## What this task involves:
Give back exactly the lines of the material below that start at the one holding "This knife was" and end at the last line, minus the pictures.

## Stored data:
__________________________________________________

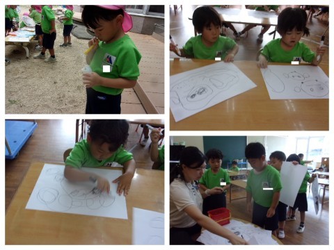 部屋に帰ってから,シャボン玉遊びの様子を絵にかいてみました。
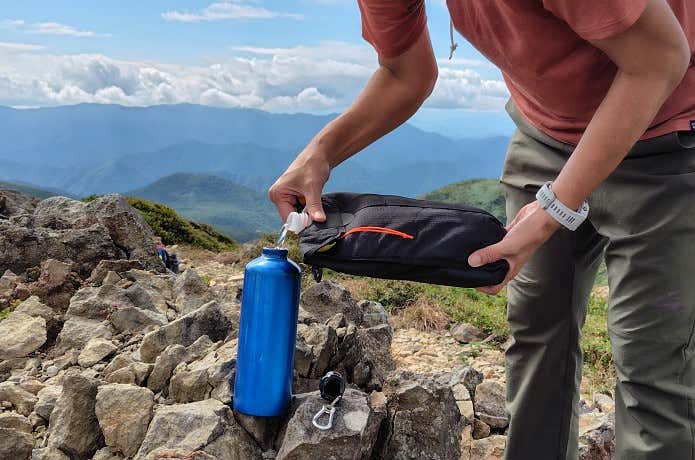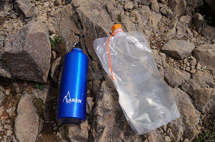 私はアルミボトル同様の円筒形の樹脂製ボトルもデイハイクを中心に使用しています。その重さは1L容量で150g前後と、アルミボトルと変わりません。ちょっと意外だと思いますが、アルミボトルも十分に軽いんです。
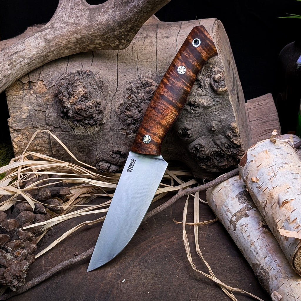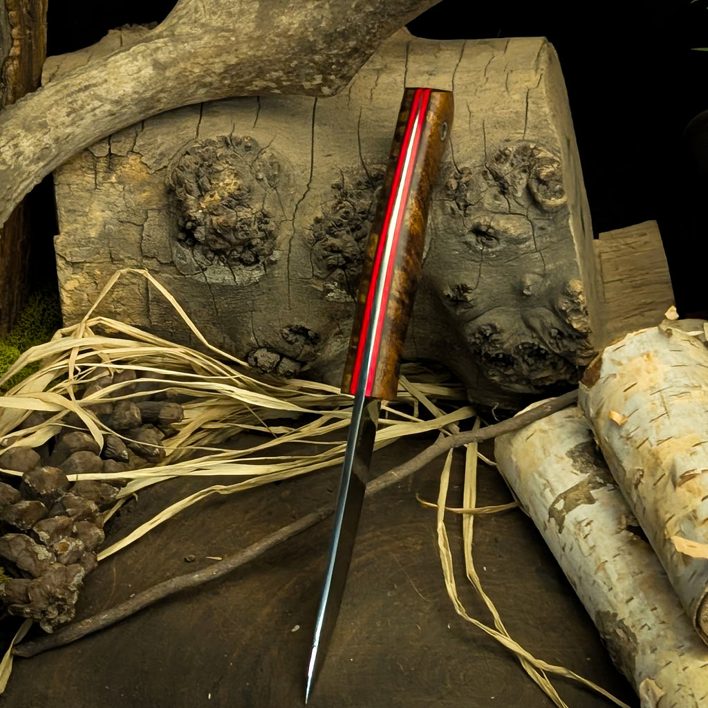 This knife was ground from 1/8 inch Procut high carbon steel. It features a curly Koa handle with black liners over red Glow in the dark liners. It also features stainless mosaic pins.
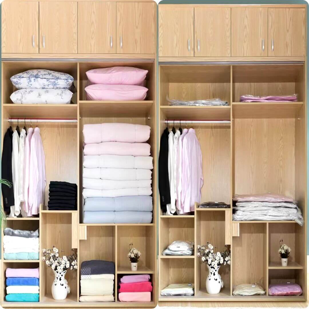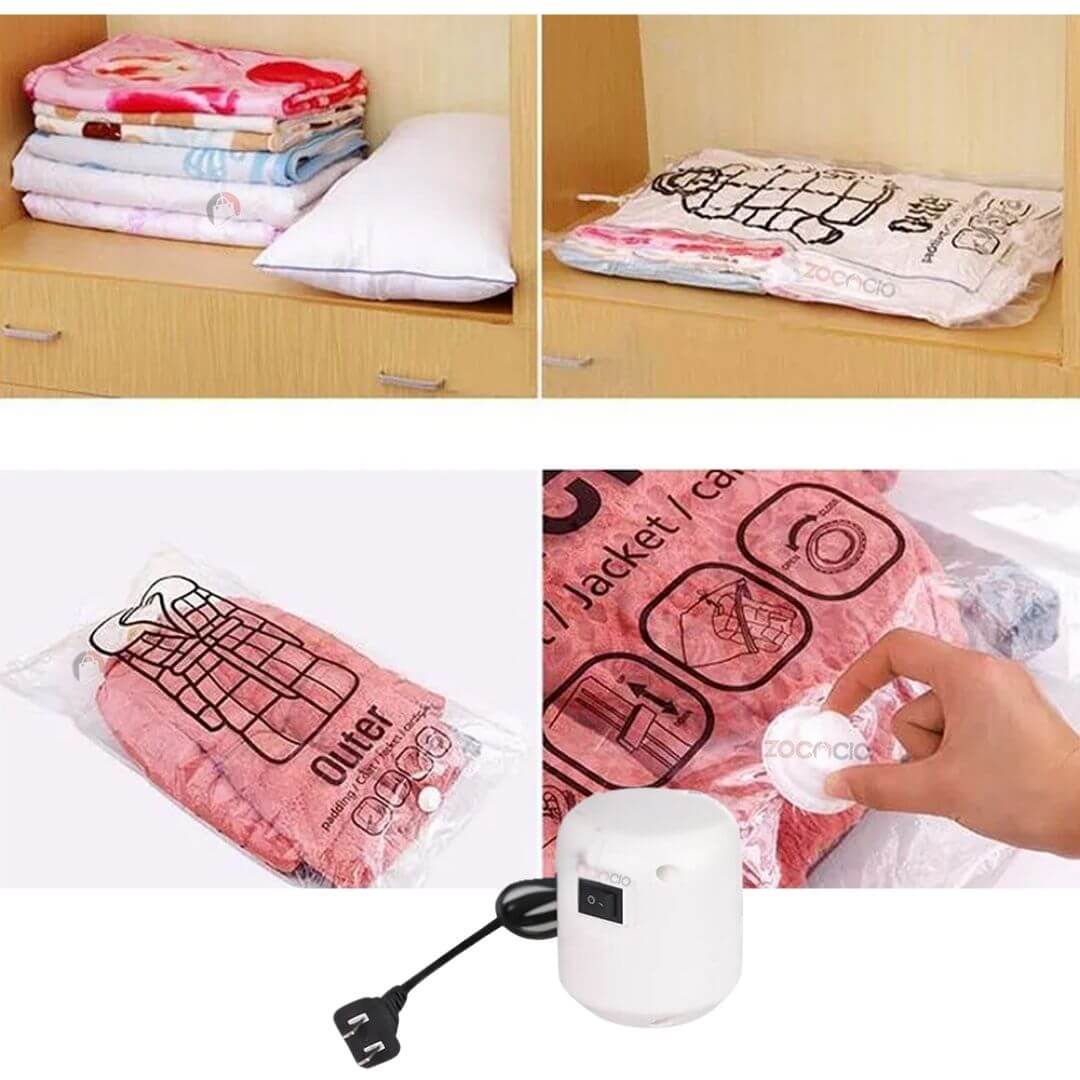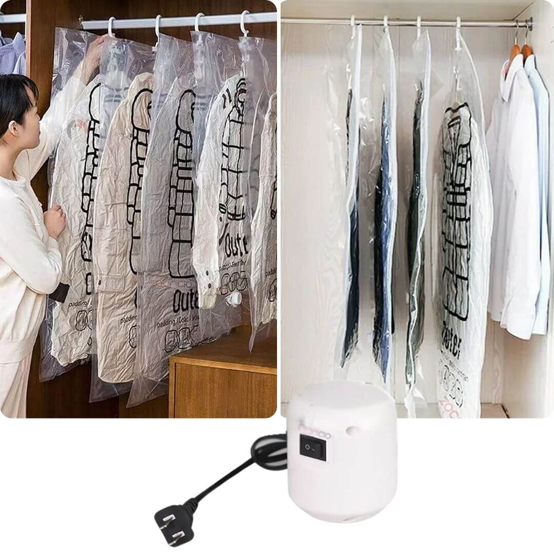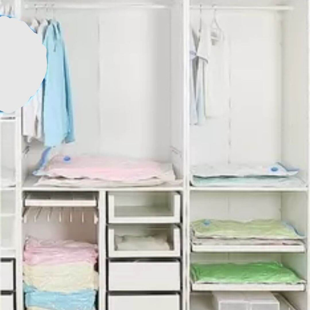 Nuestras bolsas de almacenamiento al vacío liberan espacio al máximo, preservando cada prenda en perfecto estado. ¡Ideal para tus mejores trajes, chaquetas y cobijas o sabanas!

__________________________________________________

## Solution:
 This knife was ground from 1/8 inch Procut high carbon steel. It features a curly Koa handle with black liners over red Glow in the dark liners. It also features stainless mosaic pins.
 Nuestras bolsas de almacenamiento al vacío liberan espacio al máximo, preservando cada prenda en perfecto estado. ¡Ideal para tus mejores trajes, chaquetas y cobijas o sabanas!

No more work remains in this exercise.